Target: AI, Context: ['and', 'Data']
Target: and, Context: ['AI', 'Data', 'Science']
Target: Data, Context: ['AI', 'and', 'Science', 'have']
Target: Science, Context: ['and', 'Data', 'have', 'become']
Target: have, Context: ['Data', 'Science', 'become', 'important']
Target: become, Context: ['Science', 'have', 'important', 'and']
Target: important, Context: ['have', 'become', 'and', 'popular']
Target: and, Context: ['become', 'important', 'popular', 'topics']
Target: popular, Context: ['important', 'and', 'topics', 'in']
Target: topics, Context: ['and', 'popular', 'in', 'Cambodia']
Target: in, Context: ['popular', 'topics', 'Cambodia', 'today']
Target: Cambodia, Context: ['topics', 'in', 'today', '.']
Target: today, Context: ['in', 'Cambodia', '.']
Target: ., Context: ['Cambodia', 'today']
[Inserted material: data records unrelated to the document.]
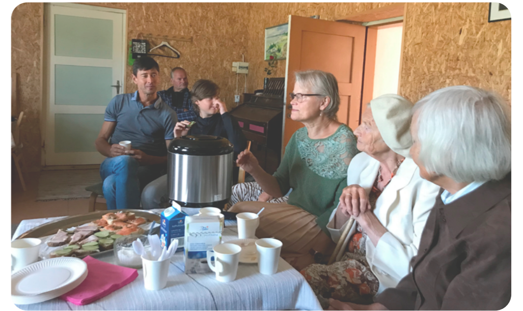
Kahvitilaisuus Mustjalan kirkon sakastissa

180 000 jäsentä. Se on 13 % Viron väestöstä.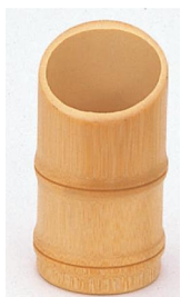
25-702 ハス切フォーク立 φ5x10cm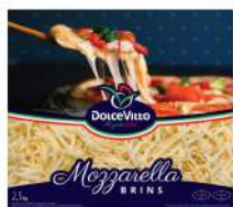
PRODUITS FRAIS MOZZARELLA RAPEE 40% DOLCEVITO 2.5KG Code: 101119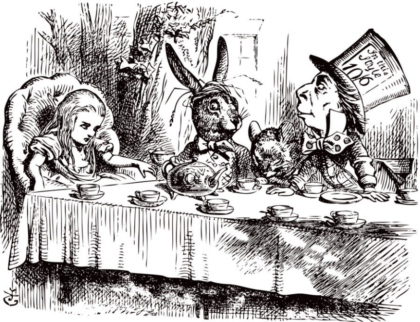
Дж. Тенніел. Ілюстрація до повісті-казки Льюїса Керролла «Аліса в Країні Див». 1866 р.

У сьомому розділі письменник також використовує давню англійську традицію створення загадок, що не передбачали відгадок. Капелюшник запитує Алісу: «Чим крук схожий на капшук?». Автор стверджує, що не все у світі має логічне пояснення, а те, що не має пояснення, не означає, що цього не існує взагалі.

## Step 6: Create Input-Output Pairs

For CBoW, the context words are the input and the target word is the output.


In [5]:
# Create input-output pairs for CBoW
cbow_pairs = []
for target, context in target_context_pairs:
    cbow_pairs.append((context, target))

for pair in cbow_pairs:
    print(f"Input (Context): {pair[0]}, Output (Target): {pair[1]}")
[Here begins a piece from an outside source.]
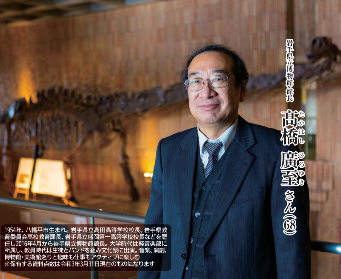
岩手県立博物館館長 高橋 廣至(68) 1954年、八幡平市生まれ。岩手県立高田高等学校校長、岩手県教育委員会高校教育課長、岩手県立盛岡第一高等学校校長などを歴任し2016年4月から岩手県立博物館館長。大学時代は軽音楽部に所属し、教員時代は生徒とバンドを組み文化祭に出演。音楽、演劇、博物館・美術館巡りと趣味も仕事もアクティブに楽しむ ※保有する資料点数は令和3年3月31日現在のものになります

Input (Context): ['and', 'Data'], Output (Target): AI
Input (Context): ['AI', 'Data', 'Science'], Output (Target): and
Input (Context): ['AI', 'and', 'Science', 'have'], Output (Target): Data
Input (Context): ['and', 'Data', 'have', 'become'], Output (Target): Science
Input (Context): ['Data', 'Science', 'become', 'important'], Output (Target): have
Input (Context): ['Science', 'have', 'important', 'and'], Output (Target): become
Input (Context): ['have', 'become', 'and', 'popular'], Output (Target): important
Input (Context): ['become', 'important', 'popular', 'topics'], Output (Target): and
Input (Context): ['important', 'and', 'topics', 'in'], Output (Target): popular
Input (Context): ['and', 'popular', 'in', 'Cambodia'], Output (Target): topics
Input (Context): ['popular', 'topics', 'Cambodia', 'today'], Output (Target): in
Input (Context): ['topics', 'in', 'today', '.'], Output (Target): Cambodia
Input (Context): ['in', 'Cambodia', '.'], Output (Target): today
Input (Context): ['C

## Step 7: Draw the CBoW Architecture

Below is a simple flowchart of the CBoW model:

```
Input Layer (Context Words)
        |
        v
   Hidden Layer (Embeddings)
        |
        v
Output Layer (Softmax predicts Target Word)
```

- **Input Layer:** Takes context words as input.
- **Hidden Layer:** Learns word embeddings.
- **Output Layer:** Uses softmax to predict the target word.


## Step 8: Explain the Learning Process

The CBoW model learns to predict the target word from its context using a softmax function at the output layer. During training, **backpropagation** is used to update the weights in the network, minimizing the prediction error and improving the quality of the word embeddings.

- The model takes context words as input.
- It computes the average of their embeddings in the hidden layer.
- The output layer predicts the target word using softmax.
- Backpropagation adjusts the weights to reduce the difference between the predicted and actual target word.

This process is repeated for all input-output pairs, resulting in meaningful word embeddings.